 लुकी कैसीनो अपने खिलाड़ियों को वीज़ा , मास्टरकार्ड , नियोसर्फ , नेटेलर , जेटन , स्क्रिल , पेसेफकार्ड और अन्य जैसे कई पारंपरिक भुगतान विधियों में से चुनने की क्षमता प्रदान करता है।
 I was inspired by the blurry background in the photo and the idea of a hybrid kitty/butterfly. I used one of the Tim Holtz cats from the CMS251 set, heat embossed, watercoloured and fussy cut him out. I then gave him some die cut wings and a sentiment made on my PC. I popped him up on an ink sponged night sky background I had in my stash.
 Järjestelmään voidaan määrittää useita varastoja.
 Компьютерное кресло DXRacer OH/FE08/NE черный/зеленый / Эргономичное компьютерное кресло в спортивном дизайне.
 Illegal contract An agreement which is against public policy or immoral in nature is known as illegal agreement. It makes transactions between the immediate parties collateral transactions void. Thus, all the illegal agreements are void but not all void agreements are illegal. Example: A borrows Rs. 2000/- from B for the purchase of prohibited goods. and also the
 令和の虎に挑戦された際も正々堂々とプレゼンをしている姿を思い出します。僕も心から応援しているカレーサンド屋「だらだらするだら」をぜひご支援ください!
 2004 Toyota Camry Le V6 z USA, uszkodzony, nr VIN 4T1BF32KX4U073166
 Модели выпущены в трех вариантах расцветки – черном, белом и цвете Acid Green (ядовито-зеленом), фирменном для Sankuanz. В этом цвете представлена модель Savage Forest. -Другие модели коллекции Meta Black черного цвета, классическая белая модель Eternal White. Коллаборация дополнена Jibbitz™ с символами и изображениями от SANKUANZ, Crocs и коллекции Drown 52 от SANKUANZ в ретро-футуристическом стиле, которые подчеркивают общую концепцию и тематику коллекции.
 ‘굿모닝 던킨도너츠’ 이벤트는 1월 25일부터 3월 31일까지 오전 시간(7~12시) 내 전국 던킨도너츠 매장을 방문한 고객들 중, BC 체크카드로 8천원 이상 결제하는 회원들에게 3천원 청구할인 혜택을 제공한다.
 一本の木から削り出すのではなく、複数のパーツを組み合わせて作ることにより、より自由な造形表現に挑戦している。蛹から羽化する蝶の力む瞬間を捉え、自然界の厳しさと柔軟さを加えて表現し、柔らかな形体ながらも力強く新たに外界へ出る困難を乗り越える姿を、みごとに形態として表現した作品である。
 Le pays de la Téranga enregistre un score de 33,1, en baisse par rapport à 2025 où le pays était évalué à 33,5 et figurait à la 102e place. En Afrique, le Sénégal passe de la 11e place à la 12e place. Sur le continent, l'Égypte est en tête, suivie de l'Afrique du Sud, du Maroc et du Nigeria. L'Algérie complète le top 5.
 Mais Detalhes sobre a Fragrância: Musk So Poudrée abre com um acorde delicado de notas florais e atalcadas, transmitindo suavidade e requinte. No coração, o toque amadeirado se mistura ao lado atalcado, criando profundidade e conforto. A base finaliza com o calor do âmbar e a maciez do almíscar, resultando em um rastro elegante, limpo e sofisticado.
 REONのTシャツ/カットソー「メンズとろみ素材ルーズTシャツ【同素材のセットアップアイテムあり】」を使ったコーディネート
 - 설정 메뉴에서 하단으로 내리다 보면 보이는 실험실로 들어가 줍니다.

□ □ □ □ □ □ □

> **WHAT TO PRODUCE**
Retype the portion of the data above that starts on the line with "Järjestelmään voidaan määrittää" and finishes on the line with "Компьютерное кресло DXRacer", including both of those lines.

> **EXERCISE RESULT**
 Järjestelmään voidaan määrittää useita varastoja.
 Компьютерное кресло DXRacer OH/FE08/NE черный/зеленый / Эргономичное компьютерное кресло в спортивном дизайне.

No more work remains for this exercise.